Parece inacreditável, mas, passadas quase três semanas do tal "beijo gay" protagonizado por Teresa e Estela, personagens de Fernanda Montenegro e de Nathalia Timberg no primeiro capítulo da novela Babilônia, ainda há os que não se conformam com o feito. Com uma duraçãozinha de nada, a cena resultou em gente escandalizada e indignada, que anda liderando boicotes contra a novela.
É o caso da Frente Parlamentar Mista Permanente em Defesa da Família Brasileira, órgão da Câmara Federal e que é presidido pelo senador Magno Malta (PR-ES). Malta acusa a novela de fazer "apologia do mal" e de "pretender destruir famílias" - como se um beijo entre duas octogenárias fosse desmantelar a moral e os bons costumes.
Claro que Malta, a bancada evangélica e toda a grande parcela da população de moral mais conservadora tem toda a liberdade de não gostar dessa cena ou de qualquer outra. É deles o direito sagrado de desligar a televisão, mudar de canal, até de comandar boicotes. O que se torna exagerado é essa quase obsessão em tutelar os telespectadores, como se o público fosse constituído por um bando de débeis mentais que não sabem ao que deve assistir (aliás, Malta encarna - mais - uma espécie de moral de cuecas, envolvido que esteve no Escândalo das Sanguessugas, aquele da compra de ambulâncias).

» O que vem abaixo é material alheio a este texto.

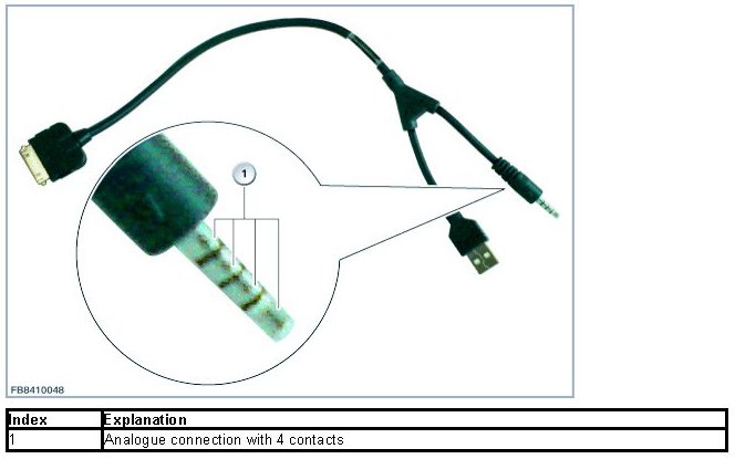 The MINI Y-cable has a connection for the Apple terminal device and a USB port and a 4-pin analog jack plug. The data exchange and the audio signals are transmitted via the USB port. The video signal is output analogously via the jack plug. From production date 03/11 the sterio-audio signal is also transmitted analogously via the jack plug.

Com a pegada cada vez mais realista, às vezes hiper-realista, das telenovelas, o aproveitamento de temas corriqueiros na vida brasileira (favelas, criminalidade, corrupção, tráfico de drogas) tornou-se mandatório. Que surja, então, um casal de lésbicas em nada deveria surpreender - porque há, e sempre houve, grande quantidade de casais assim conformados.
Uma última consideração. Para compor a trama, os autores Gilberto Braga, Ricardo Linhares e João Ximenes Braga "precisam" de Teresa e Estela e da difícil vida pregressa de ambas numa sociedade - justamente - preconceituosa. Logo saberemos, por exemplo, que o filho de Teresa saiu do Brasil com vergonha da mãe lésbica.
Em resumo: a homossexualidade é elemento narrativo necessário e que não pode ser banido em nome de uma moral que não se sustenta em sua própria base.